紀長澤雖然瞎扯了一大堆,但有個事是真的,他的醫術是真的不錯。


    畢竟都是老油條了,光是醫術他就學了不知道多少迴,治好周百歲的結巴小事一樁。


    迴到府中時,麵對周夫人的再次道謝,紀家九哥兒便很不好意思的在臉上露出了羞恥神色。


    “舅母多禮了,您不怪我學藝不精便好。”


    “你這哪裏是學藝不精,百歲的結巴我們看了不知道多少大夫都說沒法子,你可是隻診治一次就治好了。”


    周夫人對紀長澤是真真正正的服了。


    一方麵是對他的謝意,另一方麵也是因為他的真材實料。


    無論他是怎麽學的醫,有沒有名聲,到底是治好了她的百歲啊。


    被這麽誇了,一般的年輕人說不定就已經高興起來了,可紀長澤臉上的不好意思卻更加重了。


    “倒、倒也不是治一次就能好……”


    周夫人先是驚訝,不是都治好了嗎?


    但想想也是,病哪有一下子就好的,說不定還有後續治療呢。


    她正揚起笑容,掏了掏,掏出一塊玉佩,打算送給紀長澤作為謝禮,順帶打算詢問一下接下來該怎麽做,就聽著紀長澤接著說:


    “百歲弟弟的病,結巴是可以一次就好,但天愚之症,卻是要慢慢調理,細水流長的治才能徹底根治。”


    ――啪!


    周夫人手裏的玉佩直接摔在了地上。


    但此刻她也顧不得這塊玉佩了。


    懵了幾秒後,她立刻抓住了紀長澤的手,簡直稱得上是抓住了一根救命稻草一般的急切詢問:“長澤,你、你的意思是,百歲的天愚之症,能、能治好嗎???”

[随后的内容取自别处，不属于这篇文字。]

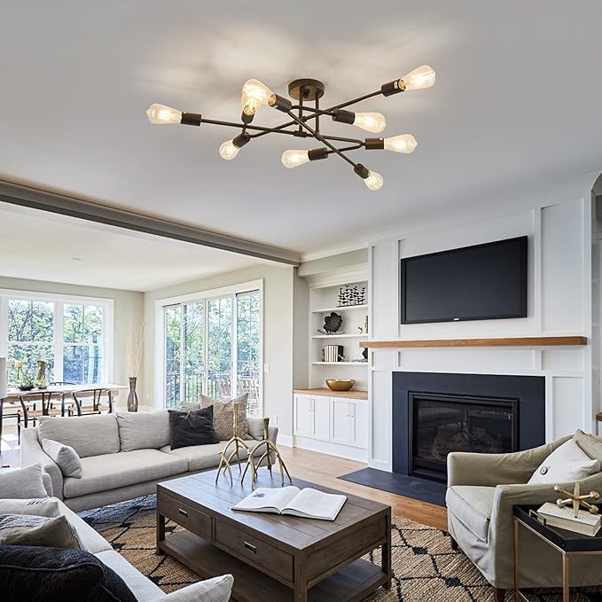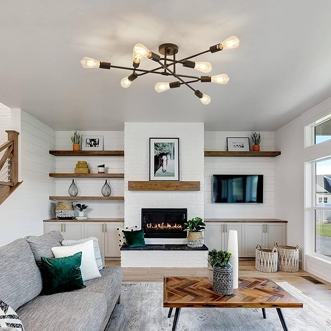 - CLOSE TO CEILING LIGHT DESIGN --Semi flush mount chandelier light with elegant and rustic look, not only a farmhouse lighting, but also a modern beautiful decoration. Indoor ceiling fixtures flush mount design creates a comfortable and modern ambiance to your house.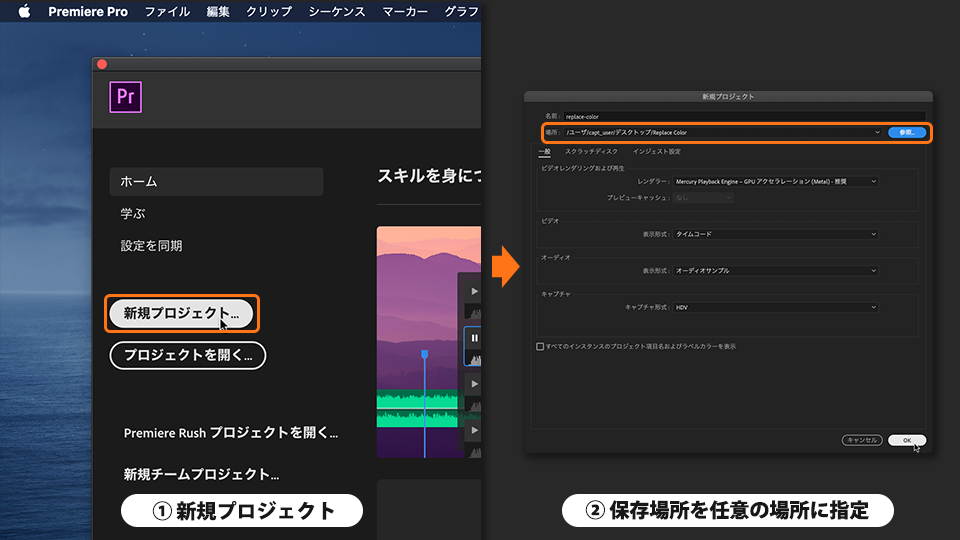 Premiere Proを起動し、ホーム画面で-「新規プロジェクト」を選択し、任意の場所に新しいプロジェクトを保存します。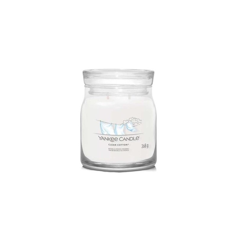 Yankee Candle Candela Giara Media Clean Cotton, è una fragranza Fresca e Pulita. Una fragranza che evoca il profumo del cotone asciugato al sole, ispirata a note verdi, fiori bianchi, con un tocco di limone.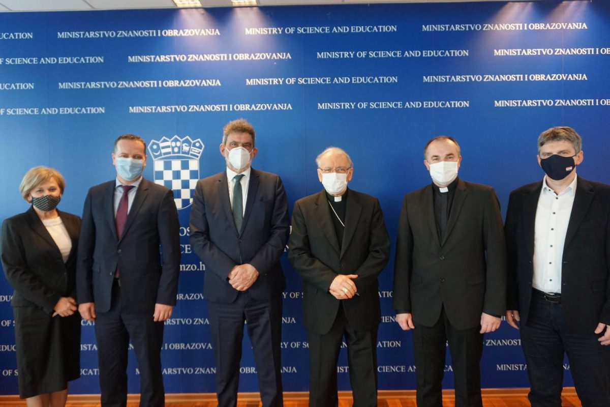 Biskup i ministar prisjetili su se uspješne suradnje koju su imali 2011. u vrijeme ministrova prvog mandata pri izradi Ugovora o katoličkim osnovnim i srednjim školama, provedbenom dokumentu Ugovora Svete Stolice i Republike Hrvatske o suradnji na području odgoja i kulture te izrazili zadovoljstvo što mogu ponovno zajednički djelovati na njihovoj implementaciji. U svojstvu članova navedenih Komisija razmotrili su dosadašnji rad i razgovarali o načinu koji bi trebalo slijediti u daljnjem nastojanju oko provedbe spomenutog međunarodnog Ugovora. Utvrdili su neka pitanja formalne naravi koja se odnose na mjesto katoličkih škola u odgojno-obrazovnom sustavu Republike Hrvatske, povezano napose s izradom njihova specifičnog kurikula u skladu s ugovorima. Dotaknuli su se i nekoliko konkretnih aktualnih pitanja i problema iz djelovanja katoličkih škola. Osvrnuli su se među ostalim i na zakonski okvir unutar kojeg Ministarstvo i lokalne jedinice trebaju učenicima katoličkih škola pružati materijalnu potporu putem decentraliziranih sredstava.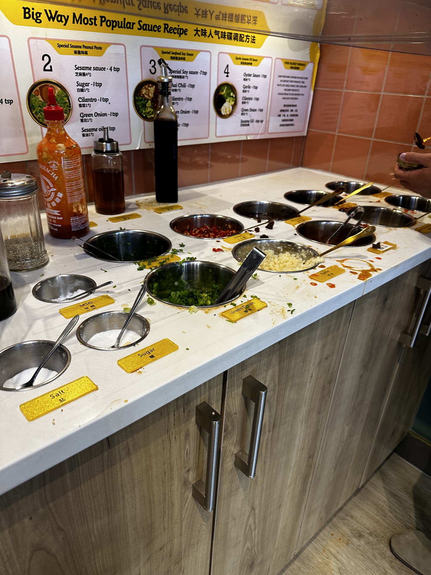 Condiment Station Issues The sugar and MSG were misplaced at the condiment station—again! This isn’t the first time. In the past, they even swapped the sugar and salt, which I accidentally added to my pot, making it inedible. I had to reorder the dish. This time, I noticed the mistake before adding anything to my food, but it’s clear that the staff is extremely careless and unprofessional. Incorrect Dish and Poor Service I ordered the #20 sesame peanut dry mix because I can’t eat spicy food. Even the mildest level of spiciness at Big Way is too much for me, so I always choose the sesame peanut mix. However, when my pot arrived, it looked incredibly spicy. I told the server that I had ordered #20, and she insisted that this was correct. Seriously? How can she not know that sesame peanut dry mix doesn’t contain chili? Please train your staff properly!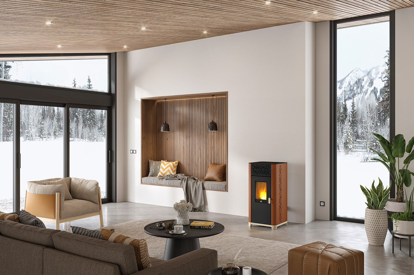 De JØTUL PF 1034 pelletkachel heeft een ultra-trendy design met zijn luchtroosters en natuurlijke houten afwerking. Kies uit 2 afwerkingen die passen bij je interieur: zwarte stalen bekleding of cortenstaal voor een nog modernere look. Technisch gezien kan het vermogen van 10 kW zelfs de grootste ruimtes of slecht geïsoleerde interieurs verwarmen. De geforceerde voorventilatie past zich aan het benodigde vermogen aan. Je aangesloten kachel geeft je het gemak van afstandsbediening.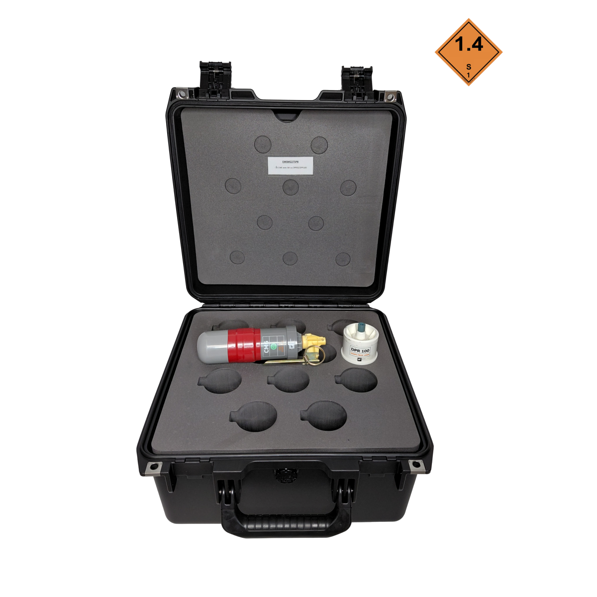 Valise Peli™ IM2275 avec usinage de mousse pour 10 GR 56mm CM6 avec BAM et /ou DPR50 et DPR100. Réduit la classe de risque ONU de1.1B à 1.4S, améliorant ainsi la sécurité du personnel lors du stockage et du transport de grenades. La caisse IM2275P8 est une caisse de transport grande capacité ultra-renforcée, étanche et équipée d’un calage sur mesure, conçue par Cirra Packaging pour le transport sécurisé de grenades et matériels pyrotechniques.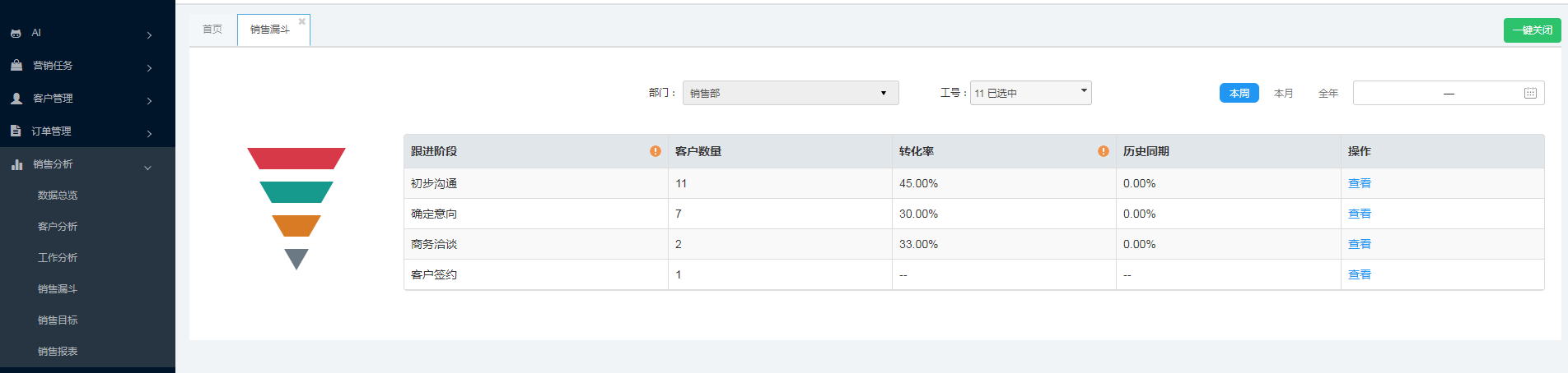 销售漏斗用于统计销售人员对客户的销售跟进过程情况,提供数据参考以提升客户转化率,提升销售业绩。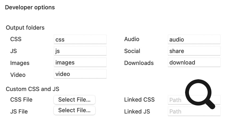 Además de las opciones específicas de cada página descritas arriba, también puedes añadir elementos de desarrollo a nivel de sitio a tu web mediante la opción Desarrollador en el panel de configuración. Aquí puedes especificar las carpetas de salida para los distintos elementos que añadas a tu página, incluidas hojas de estilo (CSS) y archivos de Javascript (JS). Además, puedes añadir archivos personalizados, ya sea desde tu disco, o desde recursos alojados vinculados.

    “是可以治好,但用時頗長,我還沒有能力去縮短治療時間,不過一年內根治是沒有問題的,舅母若是信我,以後我便為百歲弟弟醫治可以嗎?”


    得到紀長澤的肯定迴答後,周夫人忍了又忍,到底還是沒忍住,眼淚一下子就流了滿臉。


    “好,好,好,舅母信你,舅母交給你,長澤,隻要你能治好百歲,舅母什麽都答應你,你舅舅也會感激你的,我們全家都感謝你。”


    紀夫人趕忙扶住激動的站都站不穩的她:“嫂子,快別哭了,這是高興事,怎麽還哭起來了呢?”


    “是,是,不該哭的,都把兩個孩子嚇到了。”


    周夫人趕忙擦擦眼淚,對著紀長澤與周百歲道:“你們倆也累了,去玩會吧。”


    她得收拾一下心情,好好想想要怎麽報答長澤才是。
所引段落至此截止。